1 storage and artifacts
william le roux edited this page 2026-04-01 11:13:16 +03:00

Storage And Artifacts

This document describes the repository's current storage model and artifact contract.

Artifact Flow At A Glance

flowchart LR
	Intake[Intake] --> Source[source_docx]
	Source --> Preflight[preflight_report]
	Source --> Extraction[extraction_manifest]
	Extraction --> QA[qa_report]
	QA --> Review[review_tmx or review_import_tmx]
	QA --> Reassembly[reassembly_manifest]
	Reassembly --> Final[final_docx]
	Review --> Replay[replay_package]

Storage Backends

The checked-in code supports two artifact storage backends:

  • local
  • s3

local uses Django's filesystem storage under IRIS_MEDIA_ROOT. s3 uses storages.backends.s3boto3.S3Boto3Storage and is intended for AWS S3 or S3-compatible systems such as MinIO.

Object Key Layout

Artifacts are stored under deterministic hierarchical object keys built by services/storage/keys.py.

Pattern:

{project_code}/{external_reference}/{version_label}/{artifact_type}/{filename}

Example:

nuclear-proj/lanl-q-001/rev-a/source/original.docx

Rules:

  • project_code, external_reference, and version_label are slugified to lowercase safe path segments
  • filename is preserved as-is
  • keys have no leading slash and always use forward slashes

Artifact Types

apps/jobs/models.py defines these artifact types:

Artifact type Typical producer
source_docx intake
preflight_report intake / rerun
extraction_manifest extraction
review_tmx TMX export
review_import_tmx TMX import
final_docx reassembly
qa_report QA finalization
reassembly_manifest reassembly
replay_package replay export

Artifact Records

Each Artifact row stores:

  • artifact type
  • storage backend
  • object key
  • original filename
  • content type
  • SHA-256 checksum
  • size in bytes
  • retention class and expiry
  • arbitrary JSON metadata

Download Behavior

Artifact listing is available through GET /api/v1/jobs/{job_id}/artifacts.
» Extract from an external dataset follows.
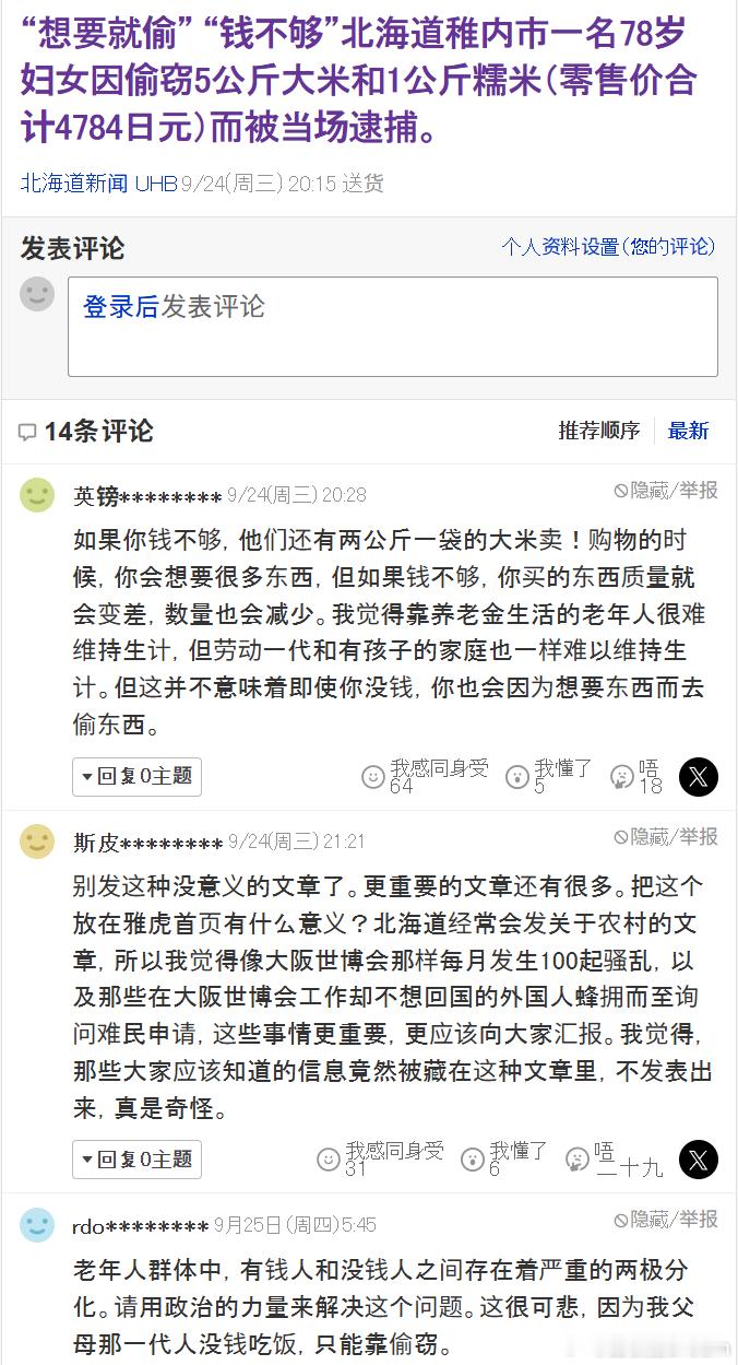 🔻有日本网民感同身受:我的父母那一代人没有钱吃饭,只能靠偷窃。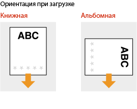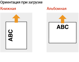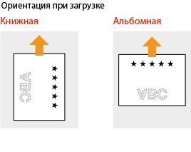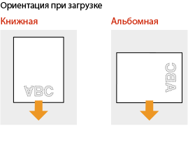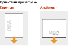 В этом разделе приводится, главным образом, описание порядка загрузки уже отпечатанной бумаги с правильным размещением лицевой стороны и в надлежащей ориентации. Описание общей процедуры загрузки бумаги в кассету для бумаги или универсальный лоток см. в следующих разделах. |

Current download behavior depends on the backend:

  • for s3 artifacts, the app first asks the storage backend for a URL; if that URL is absolute, the API returns that direct pre-signed URL
  • for local artifacts, the API returns a Django download URL protected by a signed token
  • if an S3-compatible backend returns only a relative URL, the code falls back to the Django-signed download view

Artifact link expiry is based on IRIS_ARTIFACT_DOWNLOAD_TTL_SECONDS.

Retention Classes

services/storage/artifacts.py maps artifact types to retention classes as follows:

Artifact type Retention class
source_docx source
preflight_report intermediate
extraction_manifest intermediate
qa_report intermediate
reassembly_manifest intermediate
review_tmx reviewed
review_import_tmx reviewed
replay_package reviewed
final_docx delivered
anything else debug

retention_days is taken from the related project's retention_days value when the artifact record is created.

Retention Enforcement

Retention is now enforced by the checked-in maintenance flow:

  • tasks.workflow.maintenance_tick
  • python manage.py maintenance_tick

When an artifact's retention_expires_at is in the past, maintenance deletes the storage object and then removes the Artifact row.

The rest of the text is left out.